交差点の向こうで大学生らしきカップルの男の子が何か囁いた。信号が青に変わって、女の子は真っ直ぐこちらへ、男の子は左へ進む。女の子の目には涙・・・振り返ると何度も立ち止まって肩が震えている。嗚咽しているのだろう。最初は素知らぬふりの男の子だったが、歩みを緩めて幾度となく振り返っている。気が気でなくて「行ってあげて」と小さく声にした。でも、男の子は意を決したように行ってしまった。

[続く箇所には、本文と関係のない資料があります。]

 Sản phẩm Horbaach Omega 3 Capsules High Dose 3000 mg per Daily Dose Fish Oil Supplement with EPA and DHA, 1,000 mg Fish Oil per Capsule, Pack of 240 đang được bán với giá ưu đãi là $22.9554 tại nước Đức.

これから二人にどんな人生があるんだろう?「頑張って」と心の中で呟いた。

終わらざる夏(下)-浅田次郎

2018年02月02日 | 読書

評価2
日本がポツダム宣言を受諾した後の昭和20年8月18日未明、千島列島の先端の島・占守島に日ソ中立条約を一方的に破棄したソ連軍が攻め込んできた。これは連合国との間で正式な降伏文書の調印が行われる前に領土的野心から既成事実を作っておこうとしたとしか考えられない軍事行動である。最新の装備と2万3千の精鋭将兵で迎え撃った日本軍は優位に戦いを進めるも、敗戦国であるため勝利を上げることは許されず8月21日に降伏したのだった。

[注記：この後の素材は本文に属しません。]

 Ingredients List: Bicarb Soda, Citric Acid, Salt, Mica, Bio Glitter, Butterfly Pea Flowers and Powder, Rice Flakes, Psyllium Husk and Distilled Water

こうした中、主人公の片岡直哉、富永熊男を始めとする面々が戦闘の中で死んで行く。片岡たちの死はソ連兵の語りの中でたんたんと描かれているだけである。正直言って、片岡、鬼熊の言葉で人生の最期を語って欲しかった。ソ連兵を登場させる必要があったのだろうか?そして、巻末の片岡直哉訳なるヘンリー・ミラー「セクサス」は必要だったんだろうか?私はこの5頁は読み飛ばした。
私が知らなかった千島の終わらざる夏の出来事を知ったことは収穫だったが、作品としては尻切れトンボという感想。この史実を掘り下げるために池上司の「八月十五日の開戦」も読んでみたい。